◆ **Task statement**
Your reply must contain the lines from the one with "Sexy Mina smoking her cigar on the couch" through the last line of the material, exact and complete, with no pictures and no other text.

◆ **Extracted information**
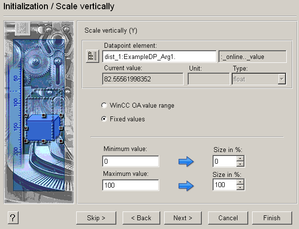 If you want to scale the object independently of the WinCC OA range, you just have to enter the related scaling factor in per cent.
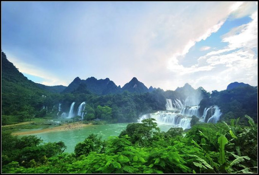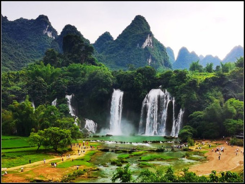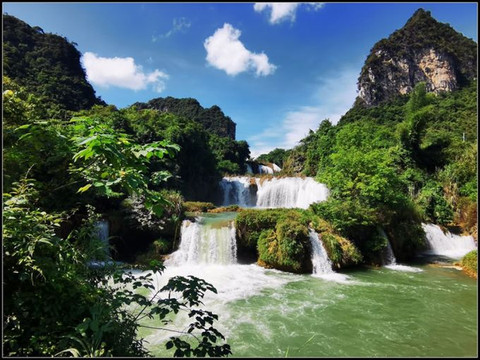 德天瀑布位于 大新 县归春河上游,距中越边境53号界碑约50米。清澈的归春河是左江的支流,也是中越边境的国界河,瀑布气势磅礴、蔚为壮观,与紧邻的 越南 板约瀑布相连,是 亚洲 第一、世界第四大跨国瀑布,年均水流量约为 贵州 黄果树瀑布的三倍,为 中国 国家AAAAA级旅游景区。
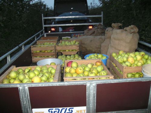 Heute morgen einen Eimer voll Sweet Dumpling und eine Kiste unreife Kiwanos. Heute Nachmittag die letzten Äpfel.
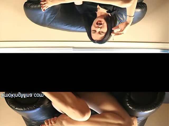 Sexy Mina smoking her cigar on the couch
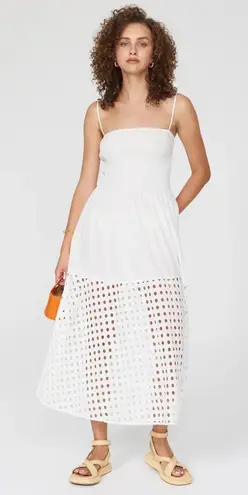 Good preowned condition. There is slight yellowing at the underarm but not very noticeable. Size: XS Approximate measurements with garment laying flat: Stretches to approximately 17” bust, 17” waist, 44” length Color: White The Kennedy midi-dress from Solid & Striped features a smocked bodice and an eyelet-embroidered skirt. Square neck Adjustable spaghetti straps Smocked bodice Pulls over 100% cotton Dry clean OFFERS WELCOME BUNDLE & SAVE MORE SAME OR NEXT DAY SHIPPING ITEMS PACKAGED WITH CARE
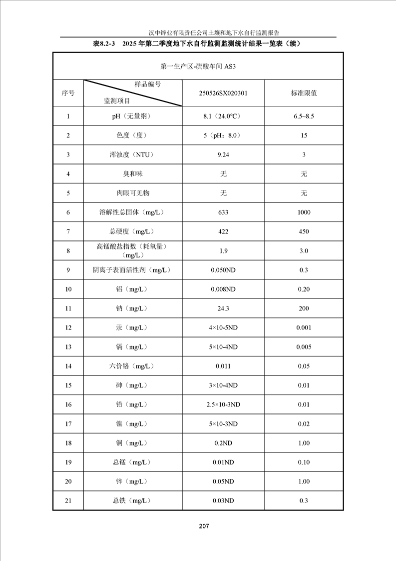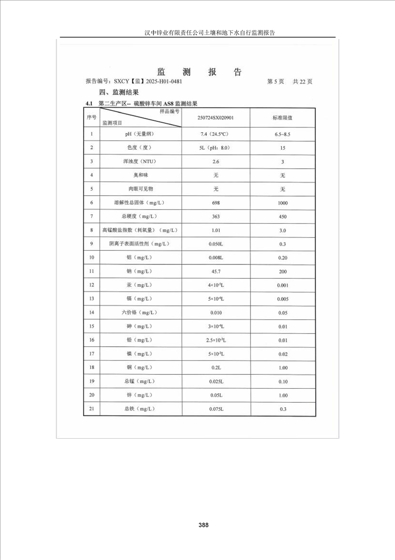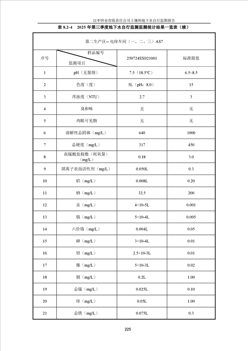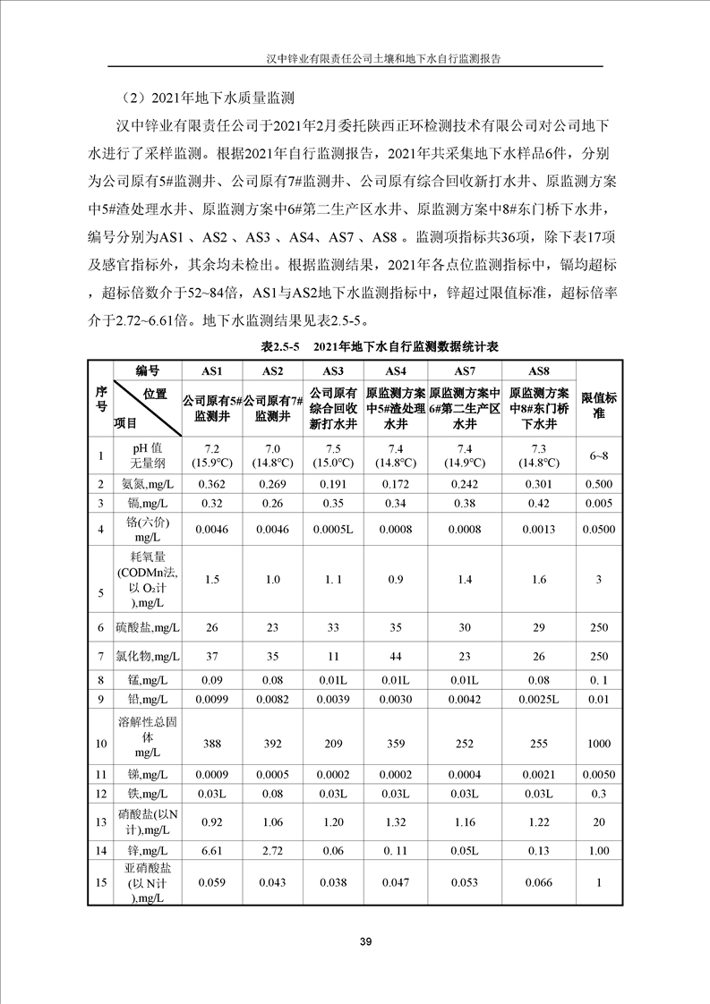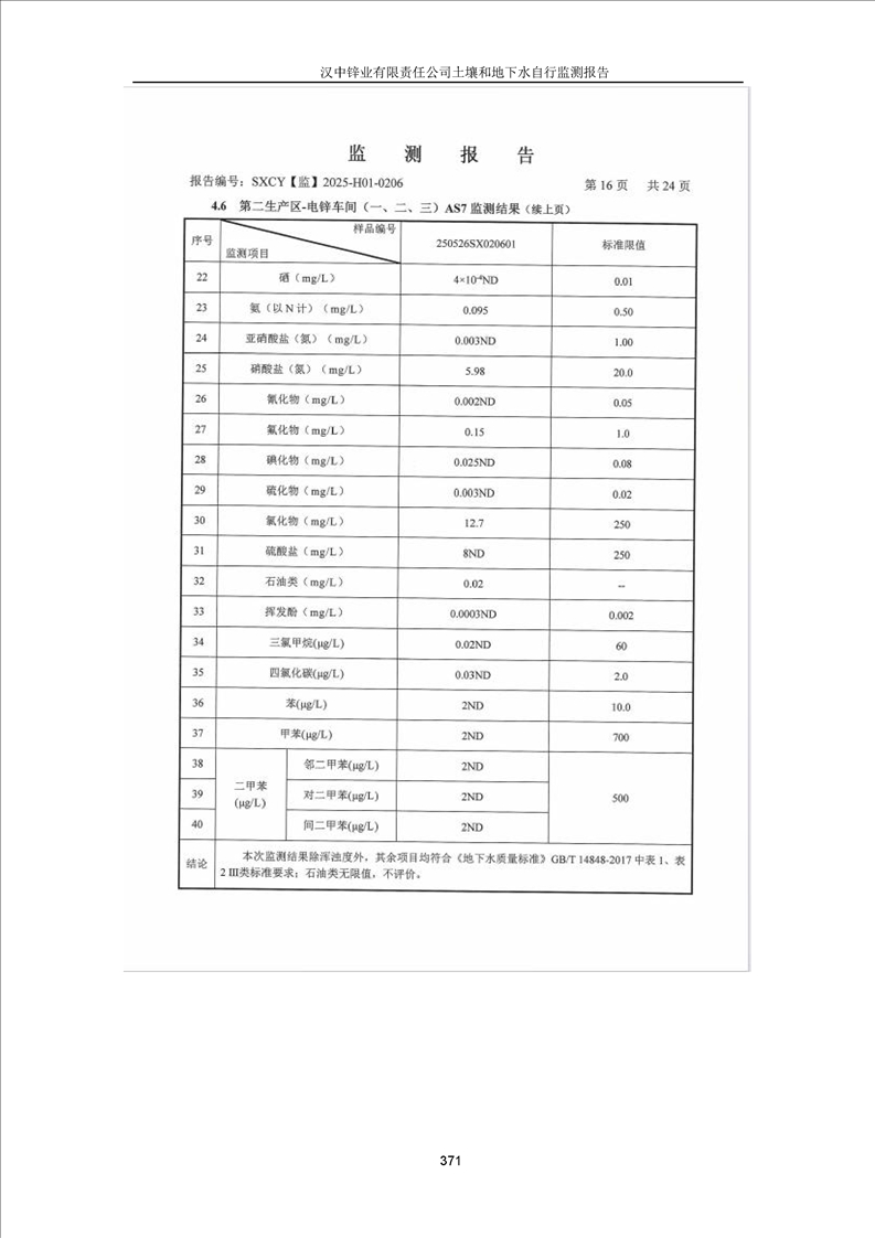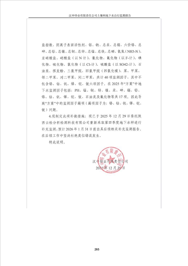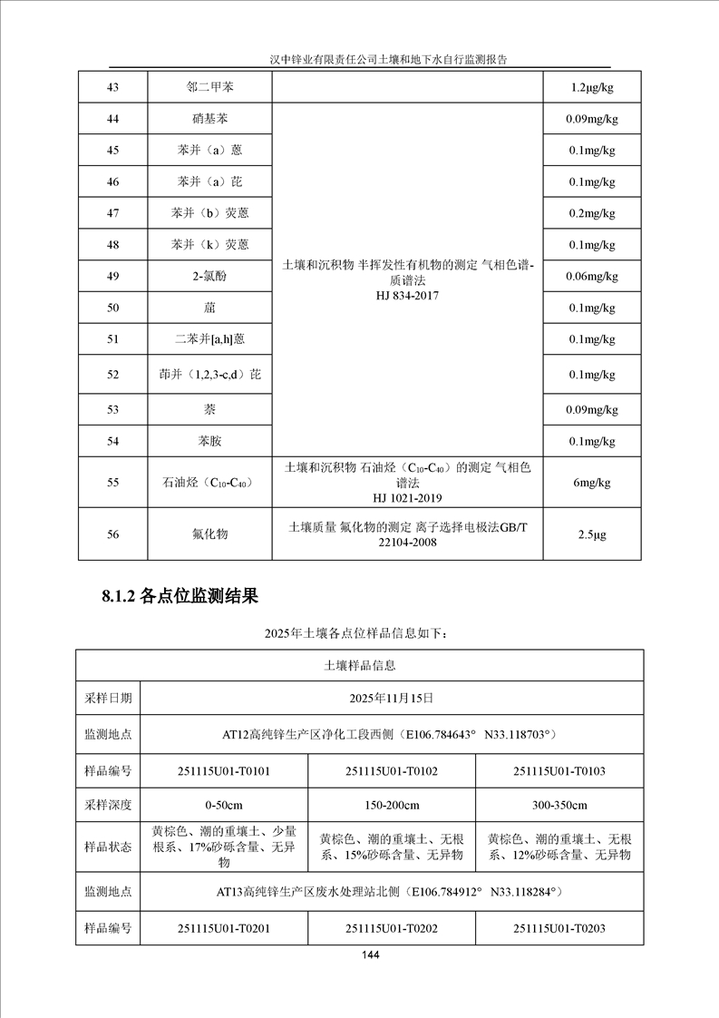 汉中锌业有限责任公司土壤和地下水自行监测报告(2025年)

◆ **Solution to the problem**
 Sexy Mina smoking her cigar on the couch
 Good preowned condition. There is slight yellowing at the underarm but not very noticeable. Size: XS Approximate measurements with garment laying flat: Stretches to approximately 17” bust, 17” waist, 44” length Color: White The Kennedy midi-dress from Solid & Striped features a smocked bodice and an eyelet-embroidered skirt. Square neck Adjustable spaghetti straps Smocked bodice Pulls over 100% cotton Dry clean OFFERS WELCOME BUNDLE & SAVE MORE SAME OR NEXT DAY SHIPPING ITEMS PACKAGED WITH CARE
 汉中锌业有限责任公司土壤和地下水自行监测报告(2025年)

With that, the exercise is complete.